Background: Recent studies have shown that breast cancer detected by screening has a more favorable prognosis than interval breast cancer. To further understand the biologic significance of this finding, we investigated the association of disease recurrence, local and distant, with the method of detection of the primary breast cancer in a cohort of 1686 women treated with breast conservation.
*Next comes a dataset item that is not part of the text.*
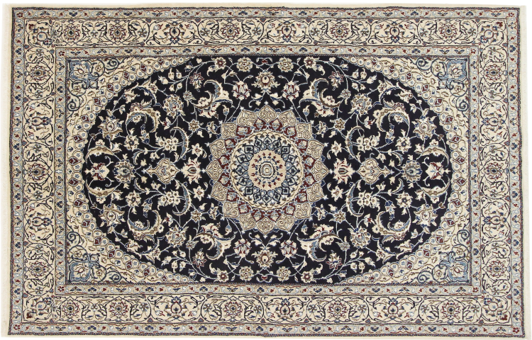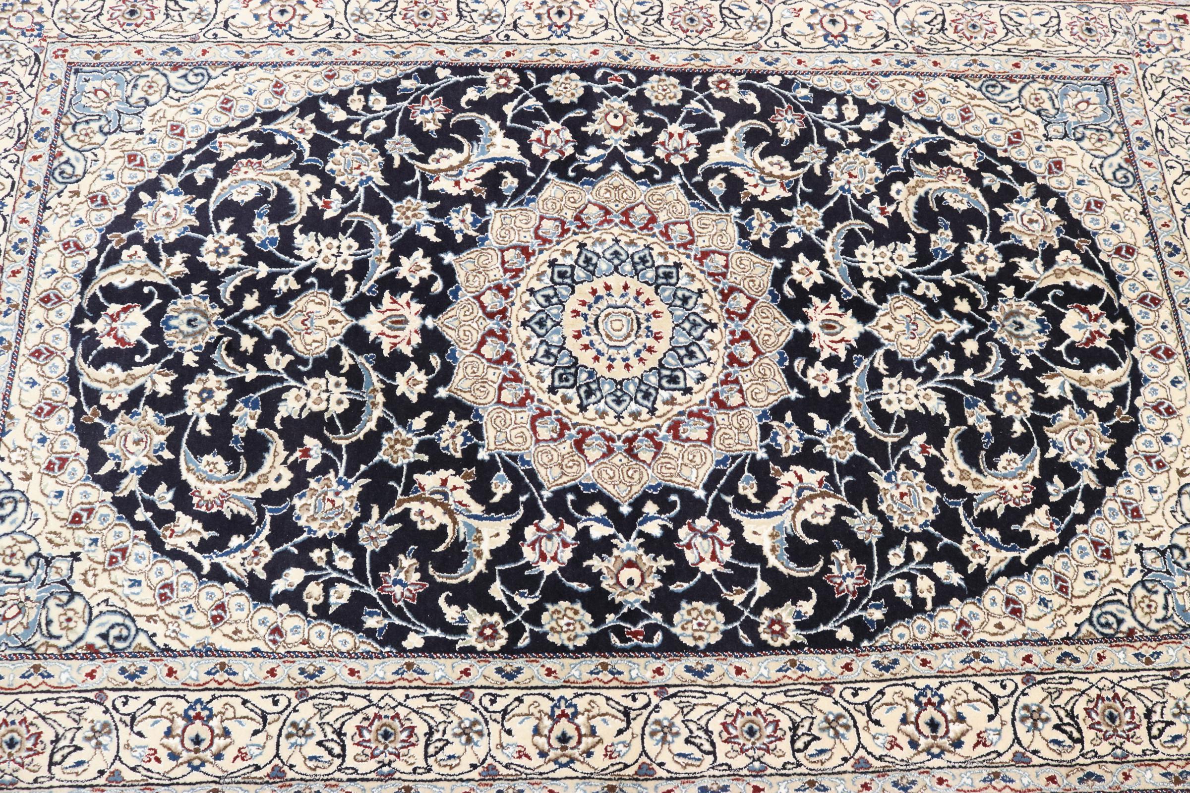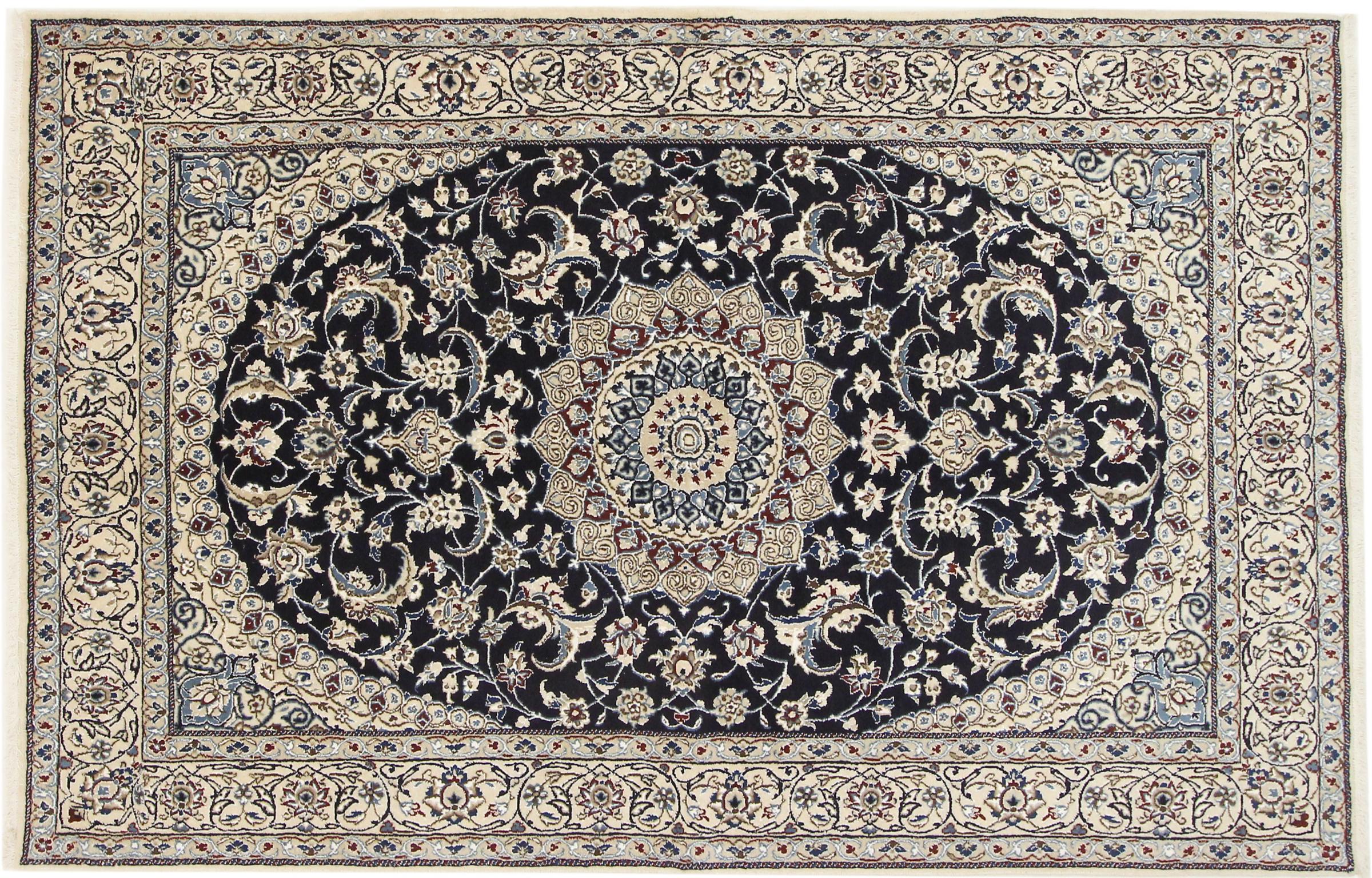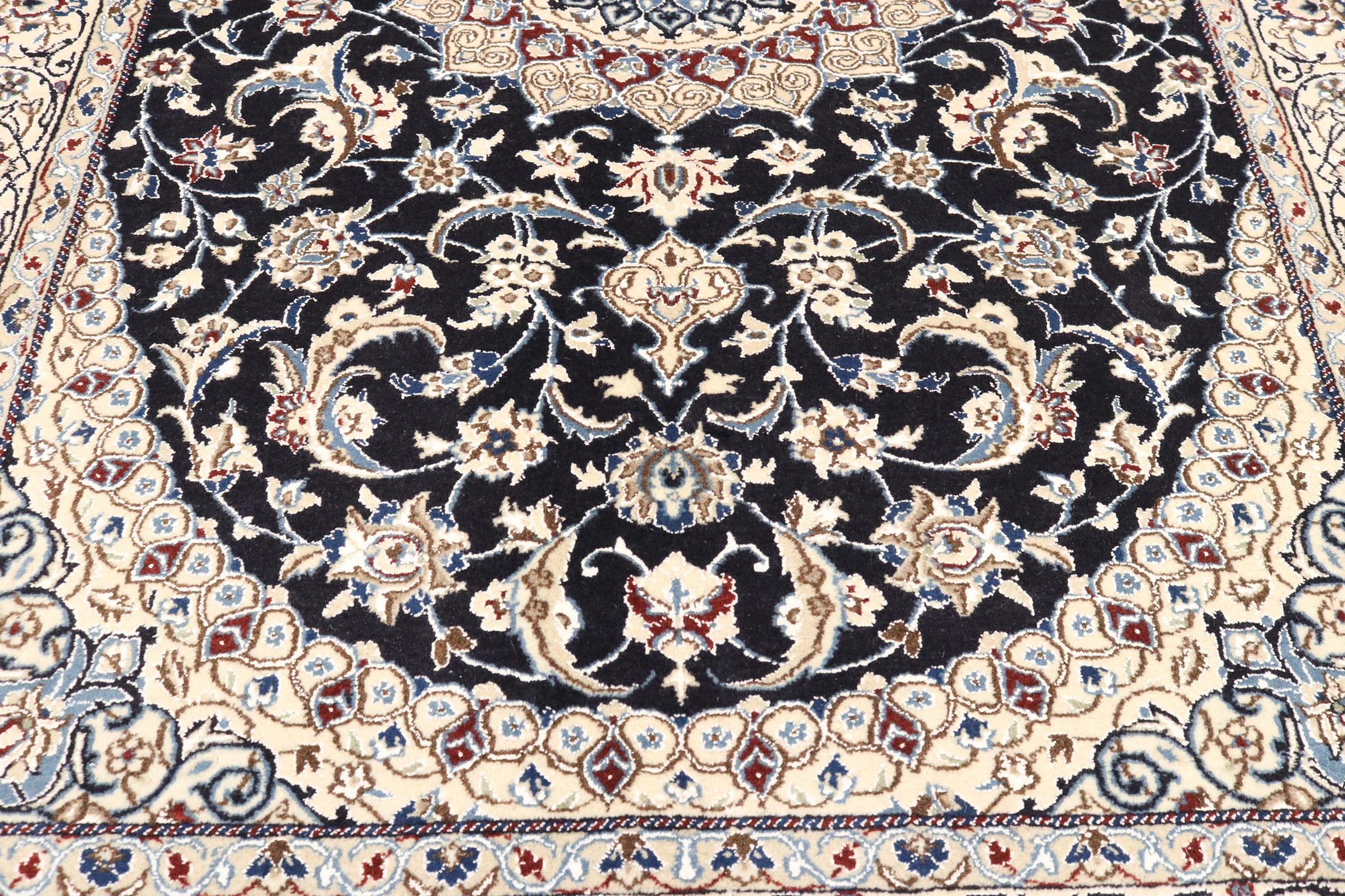 Dette Nain-tæppe er klassificeret 9La. Den fremragende kvalitet, det smukke orientalske design med sine buede mønstre glæder enhver køber. Dette persiske tæppe blev håndknyttet af højkvalitets uld og natursilke i byen Nain, som ligger i den vestlige udkant af Dasht-e-Kavir-ørkenen. 9La Nain er væsentligt finere end en 12La og viser allerede smukke detaljer.

Patients and methods: The charts of 1686 women with primarily stage I or II invasive breast cancer treated by breast conservation between 1977 and 2002 were reviewed. The median length of follow-up was 6 years. Univariate and multivariate analyses using binary logistic regression were performed for 2 subgroups: (1) those with local recurrence versus those without; and (2) those with distant metastasis versus those without distant metastasis.
Results: Our data confirmed several of the well-known risk factors for local and distant recurrence. In addition, we found that individuals with breast cancer detected on physical examination alone have a significantly higher risk for local recurrence compared with patients with cancer detected on mammogram alone, independent of tumor size (odds ratio [OR], 2.369; 95% CI, 1.235-4.547; P = .01). We also found a similar correlation for risk of distant metastasis in these 2 groups of women (OR, 2.201; 95% CI, 1.211-3.998; P = .01).
Conclusion: Breast cancers that are palpable might represent an aggressive biologic subtype with an increased risk of local and distant recurrence. Risk stratification might need to include this clinical feature in addition to conventional prognostic factors.